В польско-русском словаре (здесь и далее для поиска эквивалента привлекаются данные [19]) лексема gromnica отсутствует, следовательно, одного, условно предпочтительного, варианта перевода данной реалии не существует. Анализ четырех ПТ показал, что переводчики применили один и тот же прием - транскрипцию с примечанием. Из примечаний мы узнаем, что громница - это свеча освященная (ПЯ1, ПЯ2, ПЯ4), погребальная (ПЯ1, ПЯ3). Наиболее подробный комментарий представлен у В.Г. Короленко. Из него можно узнать, что громница - «восковая свеча, получаемая накануне пасхи у всенощной; ее держат за образами в переднем углу и приписывают [ей] силу талисмана во время грозы. Ее же зажигают у одра умирающего» [9].

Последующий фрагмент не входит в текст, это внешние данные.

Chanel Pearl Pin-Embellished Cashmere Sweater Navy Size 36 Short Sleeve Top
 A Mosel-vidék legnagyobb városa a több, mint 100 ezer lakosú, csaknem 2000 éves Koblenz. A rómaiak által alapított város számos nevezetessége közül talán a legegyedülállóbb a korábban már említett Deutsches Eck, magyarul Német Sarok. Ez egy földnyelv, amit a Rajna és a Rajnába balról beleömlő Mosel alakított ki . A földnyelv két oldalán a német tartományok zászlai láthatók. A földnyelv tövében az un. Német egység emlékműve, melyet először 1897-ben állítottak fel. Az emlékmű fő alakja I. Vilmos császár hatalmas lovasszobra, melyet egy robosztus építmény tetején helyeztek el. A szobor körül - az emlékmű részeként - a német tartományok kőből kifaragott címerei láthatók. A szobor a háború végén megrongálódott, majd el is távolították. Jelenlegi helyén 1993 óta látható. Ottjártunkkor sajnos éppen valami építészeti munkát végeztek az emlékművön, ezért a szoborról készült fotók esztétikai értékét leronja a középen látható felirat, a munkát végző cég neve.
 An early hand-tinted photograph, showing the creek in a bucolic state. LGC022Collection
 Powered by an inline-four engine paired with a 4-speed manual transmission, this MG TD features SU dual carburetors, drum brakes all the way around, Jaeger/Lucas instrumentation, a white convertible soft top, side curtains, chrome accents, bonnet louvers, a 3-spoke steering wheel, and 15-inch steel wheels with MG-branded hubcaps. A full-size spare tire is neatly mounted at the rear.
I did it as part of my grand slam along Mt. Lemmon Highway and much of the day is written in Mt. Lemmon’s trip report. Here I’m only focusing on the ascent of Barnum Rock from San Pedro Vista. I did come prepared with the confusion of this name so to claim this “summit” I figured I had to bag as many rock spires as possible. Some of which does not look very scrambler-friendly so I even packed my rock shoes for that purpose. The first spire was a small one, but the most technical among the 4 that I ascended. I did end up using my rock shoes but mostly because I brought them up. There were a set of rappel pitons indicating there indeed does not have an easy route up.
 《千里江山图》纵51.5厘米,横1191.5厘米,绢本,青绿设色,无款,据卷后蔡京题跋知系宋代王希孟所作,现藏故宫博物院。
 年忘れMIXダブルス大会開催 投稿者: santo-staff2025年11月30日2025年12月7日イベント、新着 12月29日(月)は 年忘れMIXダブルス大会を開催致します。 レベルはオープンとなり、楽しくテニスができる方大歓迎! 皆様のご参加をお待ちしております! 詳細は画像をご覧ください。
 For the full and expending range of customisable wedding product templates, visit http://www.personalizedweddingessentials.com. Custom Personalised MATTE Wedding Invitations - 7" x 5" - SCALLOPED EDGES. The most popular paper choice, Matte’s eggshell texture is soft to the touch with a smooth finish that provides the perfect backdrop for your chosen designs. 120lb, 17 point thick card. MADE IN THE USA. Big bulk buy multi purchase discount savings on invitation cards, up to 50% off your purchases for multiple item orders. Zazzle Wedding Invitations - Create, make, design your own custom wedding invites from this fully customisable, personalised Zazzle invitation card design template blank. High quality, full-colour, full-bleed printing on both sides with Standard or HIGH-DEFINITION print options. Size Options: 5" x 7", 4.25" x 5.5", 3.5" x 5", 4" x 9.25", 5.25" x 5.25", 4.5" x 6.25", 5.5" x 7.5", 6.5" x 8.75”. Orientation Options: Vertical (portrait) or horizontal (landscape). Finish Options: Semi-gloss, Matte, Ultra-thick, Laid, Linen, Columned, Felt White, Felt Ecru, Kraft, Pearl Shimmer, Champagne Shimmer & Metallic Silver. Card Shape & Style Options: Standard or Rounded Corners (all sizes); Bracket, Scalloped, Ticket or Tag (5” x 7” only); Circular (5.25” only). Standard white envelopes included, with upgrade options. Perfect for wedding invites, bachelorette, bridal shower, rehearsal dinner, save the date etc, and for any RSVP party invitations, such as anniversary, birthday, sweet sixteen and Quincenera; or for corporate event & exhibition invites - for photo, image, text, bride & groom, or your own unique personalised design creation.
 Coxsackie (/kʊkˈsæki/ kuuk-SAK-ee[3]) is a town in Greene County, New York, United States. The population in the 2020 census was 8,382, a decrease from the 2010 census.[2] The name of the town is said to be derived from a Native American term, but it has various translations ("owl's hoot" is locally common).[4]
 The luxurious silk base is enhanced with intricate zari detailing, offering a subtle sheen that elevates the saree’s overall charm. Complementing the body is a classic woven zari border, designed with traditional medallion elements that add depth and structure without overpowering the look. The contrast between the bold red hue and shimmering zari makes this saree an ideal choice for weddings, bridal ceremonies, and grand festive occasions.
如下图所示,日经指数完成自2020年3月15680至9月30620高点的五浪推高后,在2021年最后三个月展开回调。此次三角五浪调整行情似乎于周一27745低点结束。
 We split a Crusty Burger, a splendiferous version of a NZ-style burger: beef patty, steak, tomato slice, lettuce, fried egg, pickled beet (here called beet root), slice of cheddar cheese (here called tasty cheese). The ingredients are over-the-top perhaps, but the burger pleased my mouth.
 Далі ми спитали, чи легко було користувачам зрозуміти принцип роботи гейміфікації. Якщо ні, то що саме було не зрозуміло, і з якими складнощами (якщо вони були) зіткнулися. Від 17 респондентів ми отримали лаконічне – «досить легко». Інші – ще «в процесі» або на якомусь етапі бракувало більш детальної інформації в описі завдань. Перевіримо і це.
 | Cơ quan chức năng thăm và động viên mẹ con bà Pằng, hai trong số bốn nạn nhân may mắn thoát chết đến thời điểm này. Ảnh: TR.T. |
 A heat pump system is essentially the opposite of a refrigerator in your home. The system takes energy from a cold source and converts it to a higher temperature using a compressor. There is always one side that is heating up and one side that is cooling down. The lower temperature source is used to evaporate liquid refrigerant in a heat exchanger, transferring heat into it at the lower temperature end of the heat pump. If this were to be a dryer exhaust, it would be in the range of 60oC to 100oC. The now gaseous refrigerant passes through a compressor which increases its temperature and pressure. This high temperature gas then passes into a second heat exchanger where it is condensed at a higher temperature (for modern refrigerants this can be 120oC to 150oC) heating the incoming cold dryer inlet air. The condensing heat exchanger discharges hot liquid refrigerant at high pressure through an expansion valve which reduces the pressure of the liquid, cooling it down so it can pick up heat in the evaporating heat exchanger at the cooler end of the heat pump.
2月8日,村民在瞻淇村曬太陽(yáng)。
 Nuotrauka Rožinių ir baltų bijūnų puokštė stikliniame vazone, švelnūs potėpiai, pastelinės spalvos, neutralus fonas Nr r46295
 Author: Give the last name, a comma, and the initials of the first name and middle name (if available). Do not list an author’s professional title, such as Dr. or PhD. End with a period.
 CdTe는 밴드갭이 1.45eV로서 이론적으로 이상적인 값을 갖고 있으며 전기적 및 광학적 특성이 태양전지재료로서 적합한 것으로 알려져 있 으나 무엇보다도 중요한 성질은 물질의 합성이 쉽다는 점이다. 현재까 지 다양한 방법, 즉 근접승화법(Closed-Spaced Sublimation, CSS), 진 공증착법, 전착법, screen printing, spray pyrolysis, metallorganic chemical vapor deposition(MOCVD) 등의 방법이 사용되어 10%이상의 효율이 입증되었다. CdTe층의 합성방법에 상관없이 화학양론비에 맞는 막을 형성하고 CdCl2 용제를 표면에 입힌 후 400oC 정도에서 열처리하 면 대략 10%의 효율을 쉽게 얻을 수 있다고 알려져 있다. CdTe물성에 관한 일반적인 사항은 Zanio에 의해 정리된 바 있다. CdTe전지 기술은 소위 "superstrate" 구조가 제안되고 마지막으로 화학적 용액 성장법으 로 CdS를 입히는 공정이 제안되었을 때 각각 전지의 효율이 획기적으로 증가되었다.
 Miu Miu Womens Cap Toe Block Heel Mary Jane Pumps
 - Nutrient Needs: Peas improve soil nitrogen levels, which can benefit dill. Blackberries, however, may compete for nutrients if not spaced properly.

Несмотря на то, что внутренняя форма существительного громница довольно ясно указывает на связь с громом, этого оказывается недостаточно для понимания смысла незнакомой реалии в контексте, с чем, по-видимому, и связано решение переводчиков снабдить слово примечанием.
ИТ: Pójdzie, bywalo, do boru za bydlem albo z dwojakami na jagody, to si? wróci bez jagód...
ПТ1: Пойдет это в бор за коровой или с двояками по ягоды соберется, ничего не наберет, с пустыми руками вернется.
ПТ2: Пойдёт, бывало, в лес за скотиной или с корзиной за ягодами, но только вернётся без ягод...
ПТ3: Пойдет, бывало, в лес за скотиною или с корзиной за ягодами, а вернется без ягод...
ПТ4: Пойдет, бывало, за стадом в лес или с двояками по ягоды, то вернется без ягод.
В словаре польского языка dwojaki - 'в прошлом вид глиняной посуды из двух горшков, соединенных ручкой' [17]. В России подобное гончарное изделие встречалось, но не было распространено повсеместно. Оно использовалось для переноса еды во время полевых работ и часто называлось щан-ки. Так, например, известно, что щанки-двоечки изготавливались в Ярославской области в XIX в. [15]. Несмотря на это, в двуязычном словаре польская реалия не зафиксирована, то есть эквивалент к ней отсутствует.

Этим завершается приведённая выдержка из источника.